__Exercise data__
********************
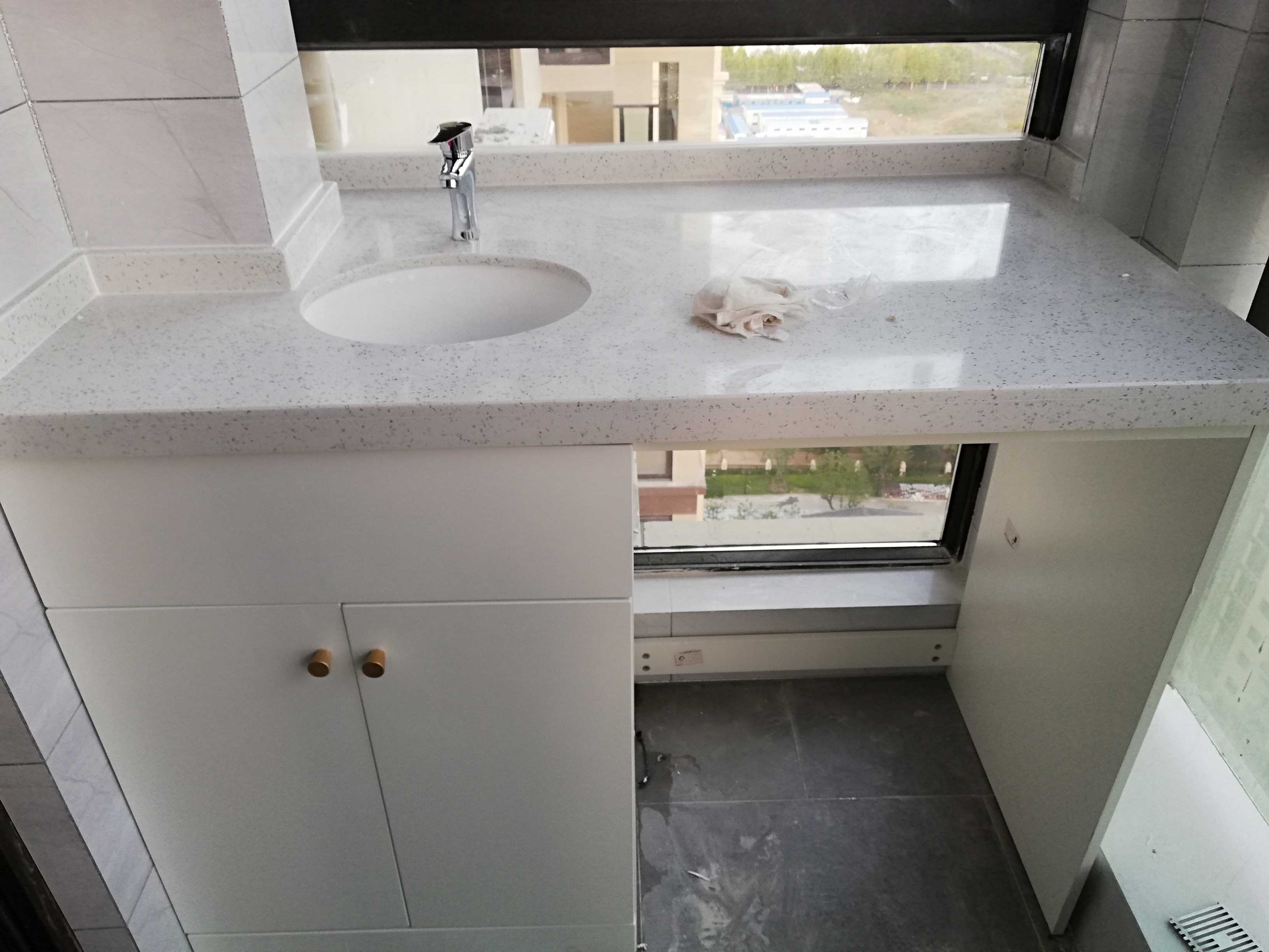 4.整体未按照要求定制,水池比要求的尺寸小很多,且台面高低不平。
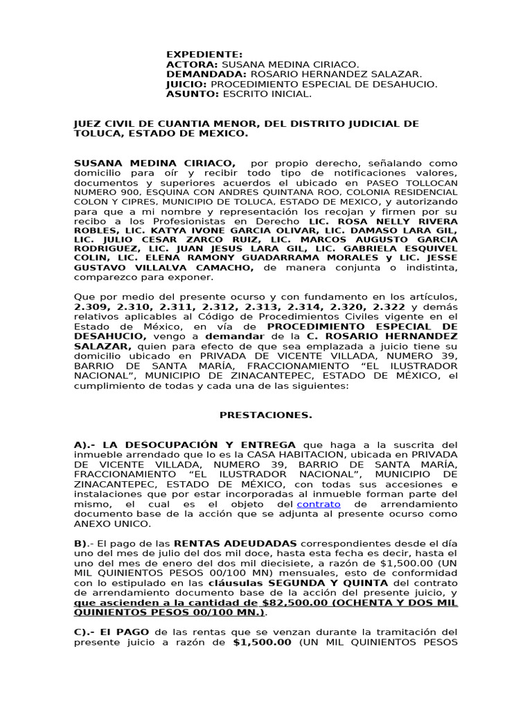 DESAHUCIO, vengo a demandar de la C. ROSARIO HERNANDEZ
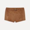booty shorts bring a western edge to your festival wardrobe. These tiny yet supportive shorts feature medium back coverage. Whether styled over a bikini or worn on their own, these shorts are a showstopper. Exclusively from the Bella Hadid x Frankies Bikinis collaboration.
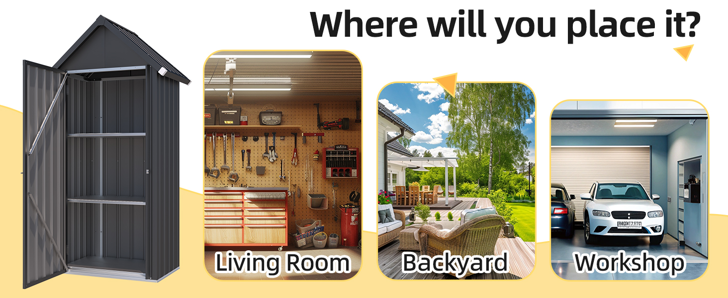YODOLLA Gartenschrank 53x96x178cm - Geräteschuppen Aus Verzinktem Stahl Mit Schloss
********************
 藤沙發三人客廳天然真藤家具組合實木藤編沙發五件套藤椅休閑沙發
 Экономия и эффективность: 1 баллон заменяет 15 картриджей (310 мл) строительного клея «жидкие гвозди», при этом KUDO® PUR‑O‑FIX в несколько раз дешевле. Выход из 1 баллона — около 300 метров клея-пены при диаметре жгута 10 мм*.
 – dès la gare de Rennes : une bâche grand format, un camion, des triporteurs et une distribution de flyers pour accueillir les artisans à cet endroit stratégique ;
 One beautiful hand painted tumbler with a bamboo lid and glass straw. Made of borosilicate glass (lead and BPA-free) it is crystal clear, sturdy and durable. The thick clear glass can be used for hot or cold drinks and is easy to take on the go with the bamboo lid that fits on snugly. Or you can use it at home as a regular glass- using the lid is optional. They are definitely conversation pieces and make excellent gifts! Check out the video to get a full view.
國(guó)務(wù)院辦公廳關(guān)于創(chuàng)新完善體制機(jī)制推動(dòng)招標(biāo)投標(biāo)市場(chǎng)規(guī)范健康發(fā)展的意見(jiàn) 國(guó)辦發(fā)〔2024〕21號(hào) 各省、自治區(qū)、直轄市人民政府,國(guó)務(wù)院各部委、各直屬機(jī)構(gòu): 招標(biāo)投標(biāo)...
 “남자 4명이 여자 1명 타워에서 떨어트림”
********************
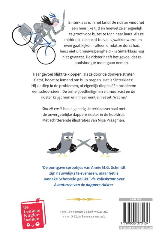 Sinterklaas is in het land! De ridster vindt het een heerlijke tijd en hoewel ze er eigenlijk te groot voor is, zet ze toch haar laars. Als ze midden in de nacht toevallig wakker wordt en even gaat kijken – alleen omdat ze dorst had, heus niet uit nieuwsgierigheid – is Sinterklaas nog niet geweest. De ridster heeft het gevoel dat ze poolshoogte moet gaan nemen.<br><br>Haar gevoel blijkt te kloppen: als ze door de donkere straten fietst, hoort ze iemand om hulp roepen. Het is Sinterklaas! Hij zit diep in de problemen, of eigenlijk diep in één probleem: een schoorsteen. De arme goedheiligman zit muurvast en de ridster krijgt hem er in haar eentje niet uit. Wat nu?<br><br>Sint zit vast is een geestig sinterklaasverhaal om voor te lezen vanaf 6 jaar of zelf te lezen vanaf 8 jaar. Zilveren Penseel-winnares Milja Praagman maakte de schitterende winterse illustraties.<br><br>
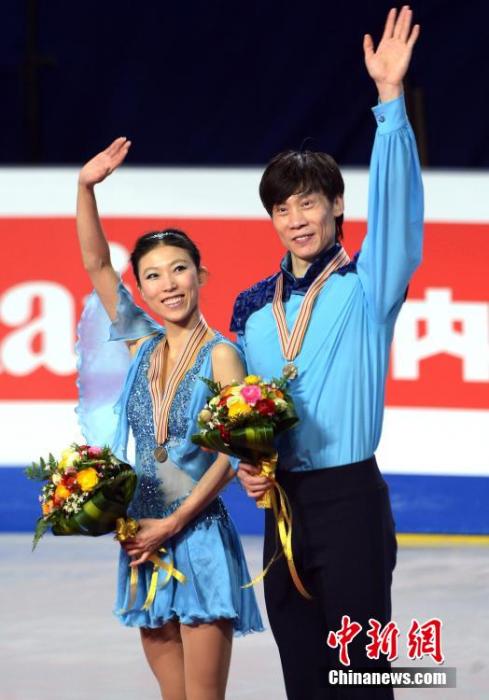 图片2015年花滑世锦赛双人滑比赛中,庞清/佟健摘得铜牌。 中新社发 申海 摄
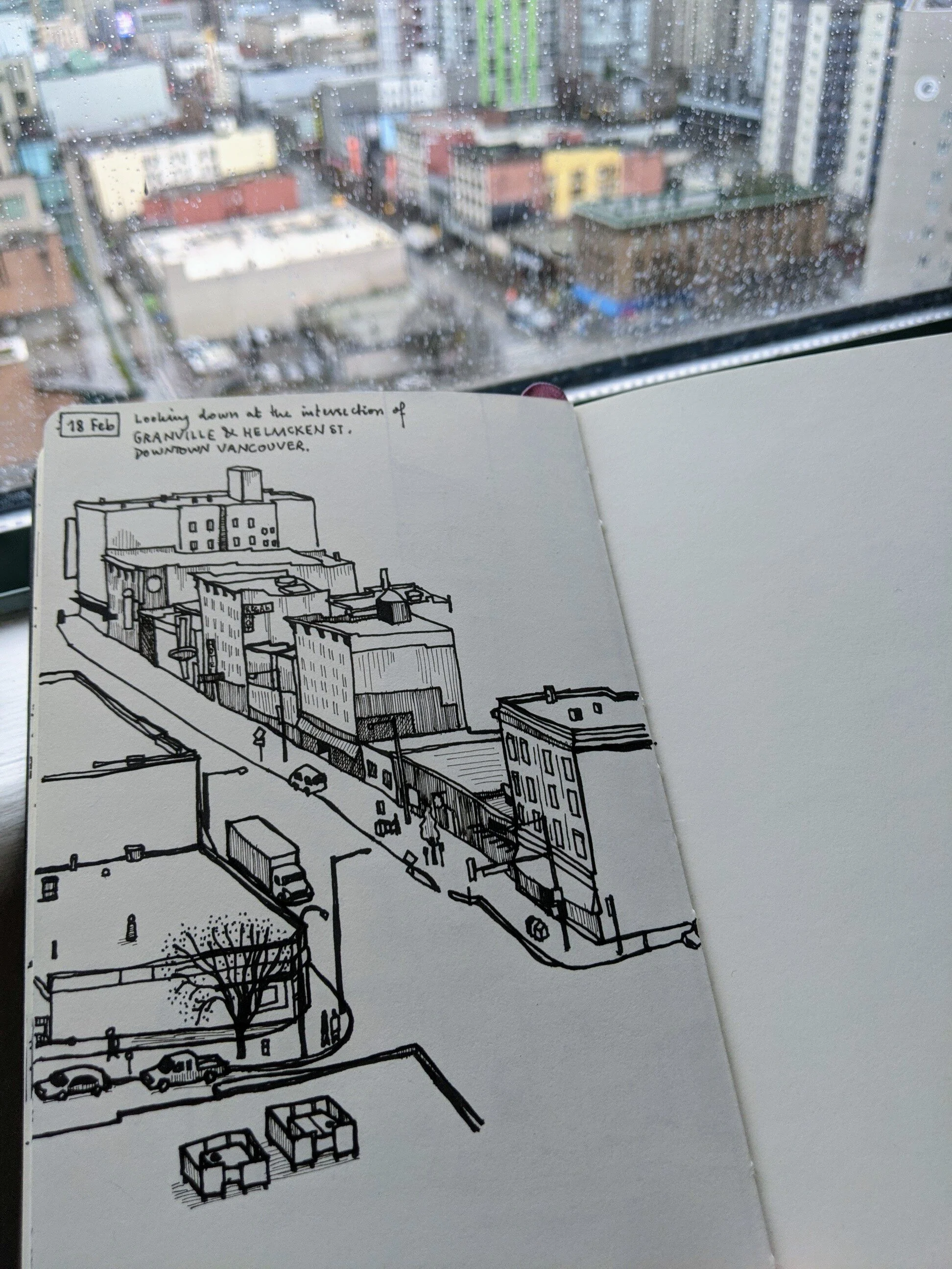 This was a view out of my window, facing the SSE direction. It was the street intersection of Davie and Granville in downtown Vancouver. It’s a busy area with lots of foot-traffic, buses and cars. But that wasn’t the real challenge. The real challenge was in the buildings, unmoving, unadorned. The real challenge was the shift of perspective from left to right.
********************
__Problem requirements__
Please write out, exactly as they appear above, only the lines in the stretch from the line with "藤沙發三人客廳天然真藤家具組合實木藤編沙發五件套藤椅休閑沙發" through the line with "endroit stratégique ;".

__Answer to the exercise__
 藤沙發三人客廳天然真藤家具組合實木藤編沙發五件套藤椅休閑沙發
 Экономия и эффективность: 1 баллон заменяет 15 картриджей (310 мл) строительного клея «жидкие гвозди», при этом KUDO® PUR‑O‑FIX в несколько раз дешевле. Выход из 1 баллона — около 300 метров клея-пены при диаметре жгута 10 мм*.
 – dès la gare de Rennes : une bâche grand format, un camion, des triporteurs et une distribution de flyers pour accueillir les artisans à cet endroit stratégique ;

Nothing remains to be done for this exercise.